Martin currently works as the Honorary President of the Institute for Public Affairs and Program Director of the institute’s European Integration and Transatlantic Relations program.
Slovakia is a landlocked country in Central Europe, with a population of 5.4 million. Ethnic Slovaks comprise 80 percent of the population, ethnic Hungarians about 8 percent, and other groups make up the balance.
Slovakia was part of Austria-Hungary until World War I. In 1917, it joined with what is now the Czech Republic to form Czechoslovakia. Czechs and Slovaks are distinct nations, but with many similarities and historical ties. During World War II, Czechoslovakia was dismembered by Nazi Germany and a German-allied puppet state was established in Slovakia. Following the war, Czechoslovakia was reunited. A brief period of democracy lasted until 1948, when a Soviet-backed communist government seized power. While communism robbed Czechoslovakia of democracy and freedom, it also brought economic development and industrialization.
In 1968, Alexander Dubcek became leader of the Czechoslovak Communist Party. During his brief time in power, Dubcek unleashed a series of reforms known as the Prague Spring. These steps toward greater freedom were crushed by the August 1968 Soviet invasion. Throughout the 1970s and 1980s, Czechoslovakia was governed by hardline, orthodox communists.
In 1989, the communists’ grip on power in Central Europe faltered and citizens began pushing for change. In Slovakia, the first major anti-communist protest was organized by Catholics, pushing for greater religious freedom. Artists, intellectuals, dissidents, students and others organized civic opposition groups. Slovakia’s Public Against Violence and the Czech Civic Forum organized a series of peaceful protests against the communist government in the Velvet Revolution of November 1989. With rising public support for the opposition and no support from their Soviet patrons, Czechoslovakia’s communists ceded power.
Czechoslovakia moved quickly toward democracy and the free market. But tensions developed between the Czechs and Slovaks over the pace of reforms and the structure of the government. After several years of squabbling, Czechoslovakia was peacefully dissolved into two countries on January 1, 1993.
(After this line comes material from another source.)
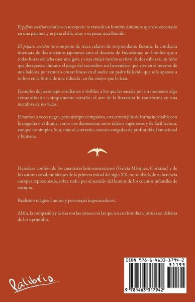 El pájaro escritor es único en su especie: se trata de un hombre diminuto que vive encerrado en una pajarera y se pasa el día, muy a su pesar, escribiendo. El pájaro escritor se compone de trece relatos de sorprendente factura: la conducta insensata de dos ancianos japoneses ante el desastre de Fukushima; un hombre que a todas horas escucha caer una gota y cuya mujer incuba un feto de dos cabezas; un niño que desaparece durante el juego del escondite; un barrendero que vive en el interior de una baldosa por temor a cruzar líneas en el suelo; un padre fallecido que se le aparece a su hijo en la forma de una ridícula..., en fin, mejor que lo lean. Ejemplos de personajes cotidianos o risibles, a los que les sucede por un momento algo extraordinario o simplemente extraño: el arte de la literatura lo transforma en una metáfora de sus vidas. El humor, a veces negro, pero siempre compasivo, está entretejido de forma inevitable con la tragedia o el drama, como nos demuestran estos relatos ingeniosos y de fácil lectura, aunque no simples. Son, muy al contrario, cuentos cargados de profundidad emocional y humana.

Once independent, Slovakia struggled to consolidate its democracy. Vladimir Meciar won three free elections. But as prime minister, he abused state power to strike out at opposition parties, independent media, unions, and civil society. His actions caused Slovakia to be sidelined as a candidate for membership in the European Union and NATO. Before the 1998 elections, civil society and opposition parties united in a broad coalition promoting democratic reforms. A record voter turnout ousted Meciar from power and returned Slovakia to a democratic path.
Today, Slovakia is a consolidated democracy with a growing economy, firmly anchored in the European Union and NATO.